Но замечательный артист, становясь режиссером, не всегда оказывается истинным другом актеров. Мейерхольд никогда ни одному актеру, даже Комиссаржевской, не позволял строить роль самостоятельно, он обязательно сам показывал, как надо играть! (А ведь он недавно порицал это в Станиславском.) Осуществляя свои режиссерские замыслы, он не всегда считался с прелестью актерской индивидуальности, задуматься о существовании объективных законов искусства ему было некогда в спешке многочисленных постановок и, оставаясь субъективно талантливым, объективно вел театр Комиссаржевской к падению, к служению силам реакции, к катастрофе.
Резкий переход от художественного реализма к декадентскому театру оттолкнул от Комиссаржевской многих из ее преданнейших друзей. Ей указывали на ошибки Мейерхольда даже с позиций символизма. Она отвечала:
— Я знаю, что и я и мои товарищи делаем ошибки, вступив на новый путь, то есть играя так, как я считаю нужным и важным играть, но, — подчеркивала она, — ведь не ошибается только безнадежно остановившийся на месте. Я же всей душою стремлюсь направить свой театр по новым, еще только намечаемым путям искусства — путям, уже завоевывающим литературу, живопись, музыку, поэзию, драматургию… Быт использован исчерпывающе. Он должен исчезнуть со сцены. Новое искусство должно дать нам ключ к…разгадке мировых тайн, к раскрытию мира души, обобщенной человеческой души…

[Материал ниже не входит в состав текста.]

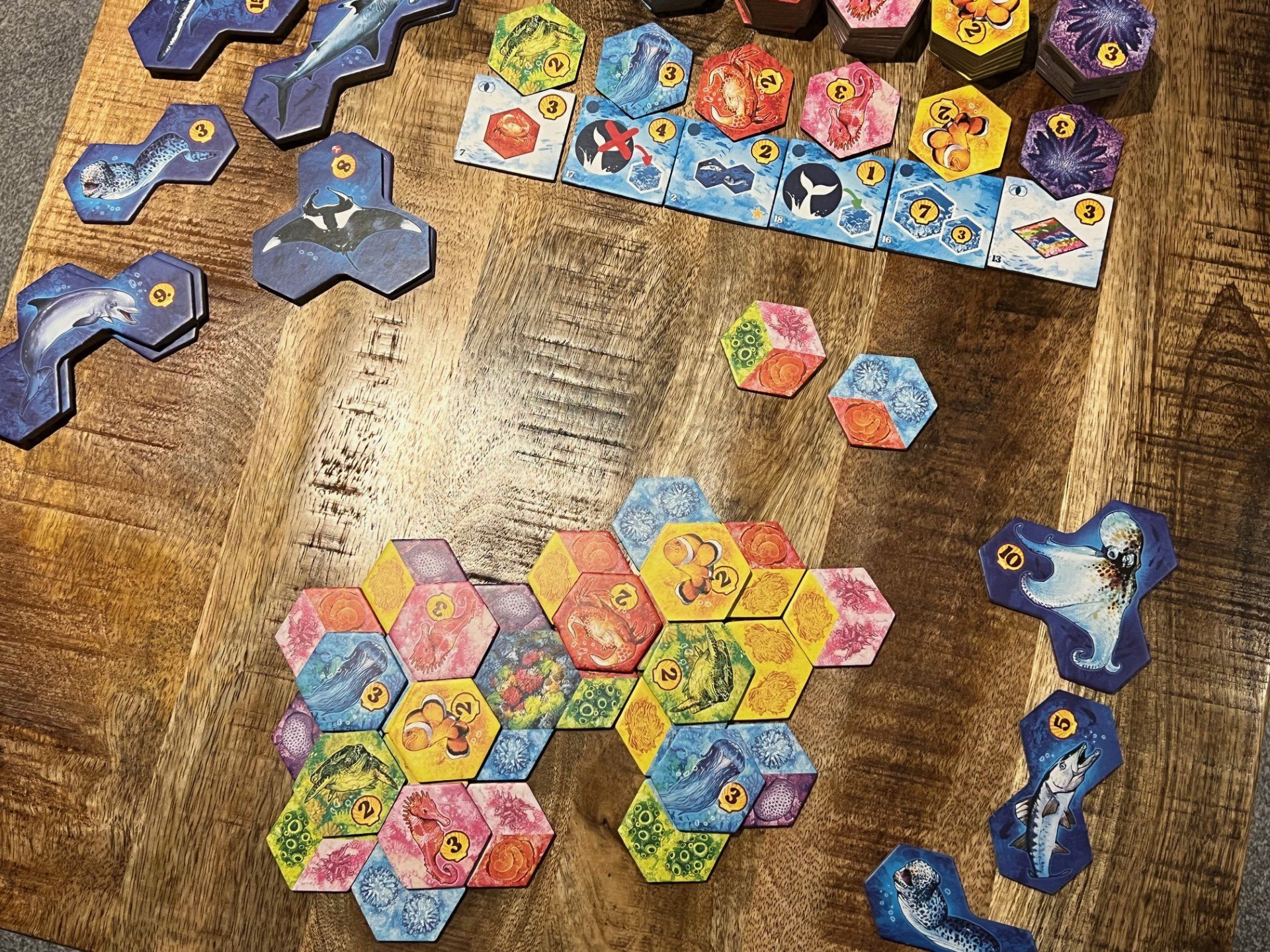 As the ecosystem builds out and more animals are added, players will score for those “small” animals, but depending on how these animals are grouped together, a large animal may then be placed on top of the smaller ones — scoring both for the small and large animals. A further set of randomised endgame scoring tiles adds more spice, and the fact that there are 24 of these which can be randomised makes for a ton of replayability.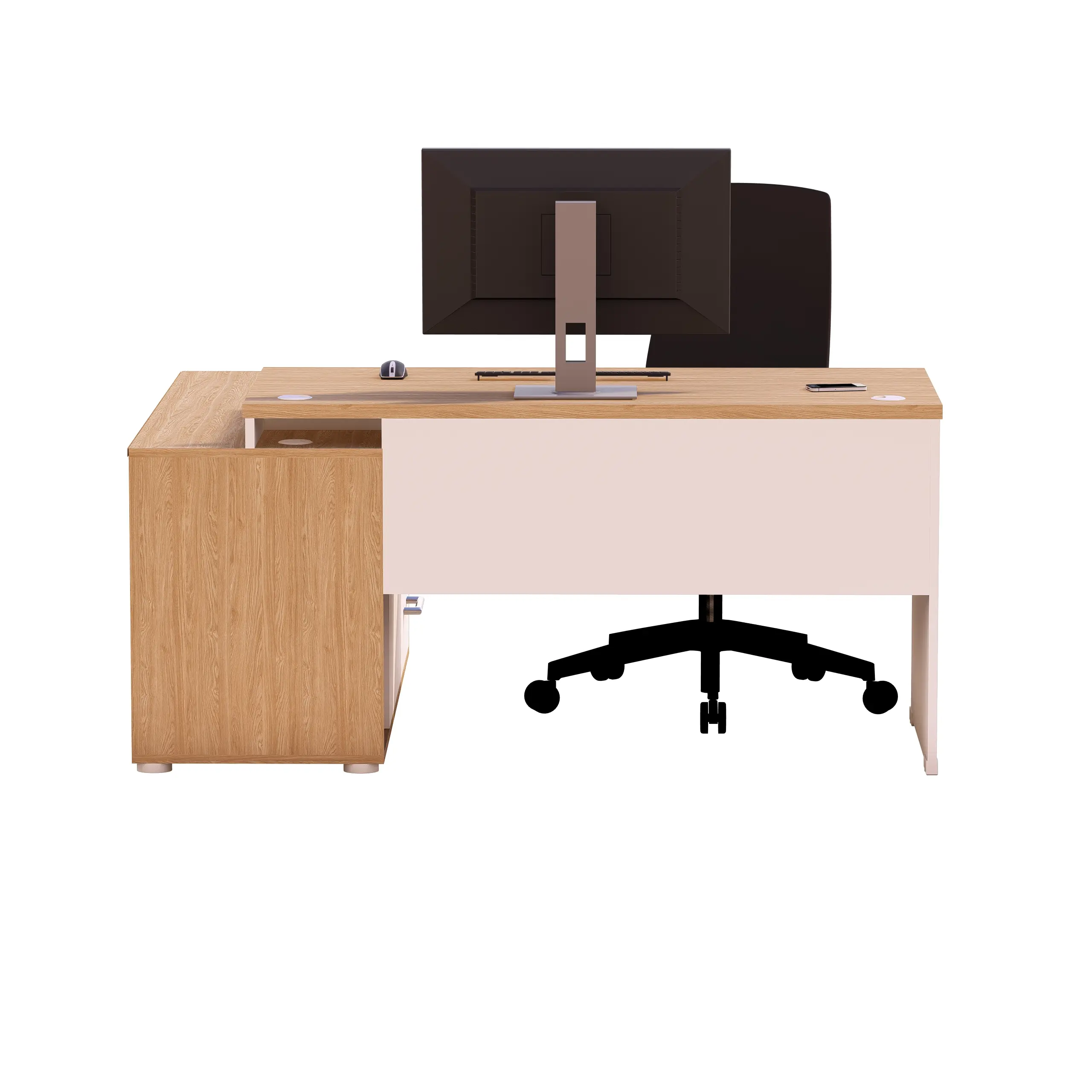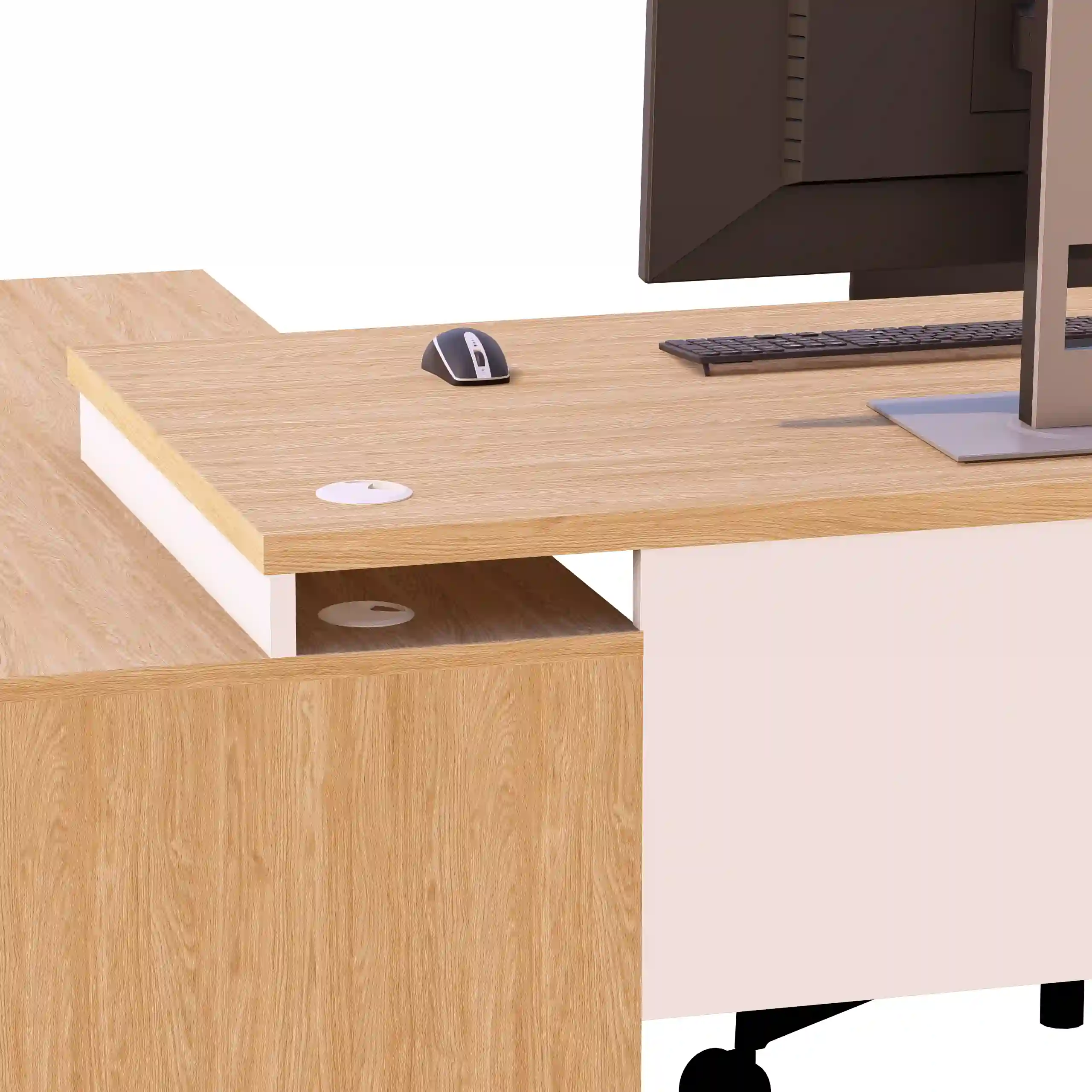 Komoda, na której opiera się biurko, wykonana z płyty wiórowej laminowanej dodaje przestrzeni do przechowywania dokumentów i innych potrzebnych przedmiotów. Wyposażona jest w trzy pojemne szuflady oraz część zamykaną z półką.

Старый друг Веры Федоровны, первый из интервьюеров ее на пути к свободной сценической жизни Н. Н. Тамарин-Окулов ушам не верил, выслушивая новое художественное кредо. Он стенографически точно записал свою беседу с Комиссаржевской, происходившую в театре на Офицерской в 1906 году, и попросил артистку проредактировать запись и подписать. Она без всякого смущения сделала это. И вот как она отвечала на вопрос, когда в ней совершился такой неожиданный, странный и непонятный перелом:
— И давно и недавно. Давно потому, что и прежде иногда я бессознательно не могла остаться в традиционных рамках сцены. Меня хвалили в роли Ларисы, но критики справедливо указывали и на то, что я играю ее по-своему, не даю того, что имел в виду Островский. В моей Ларисе нет отпечатка старой провинции, типических цыганских черт… Это произошло потому, что я уже и тогда по самому свойству своей индивидуальности, создавая тип Ларисы, не углублялась в типичность этого образа, а искала в нем обобщенную женскую душу… Весь прошлый сезон я чувствовала, что делаю не то, что требует моя артистическая душа. Встреча в Москве с Мейерхольдом убедила меня, что это человек, страстно, самозабвенно ищущий новых форм, и я начала с ним переговоры о совместной работе… Наконец летом, оставаясь сама с собой на чудной итальянской вилле отца, среди божественной природы, я окончательно решила стряхнуть с себя ветхого Адама, отжившую сценическую рутину и начать работать в том направлении, которое мне казалось необходимым. О том, что мы достигли, — судите сами по нашим спектаклям!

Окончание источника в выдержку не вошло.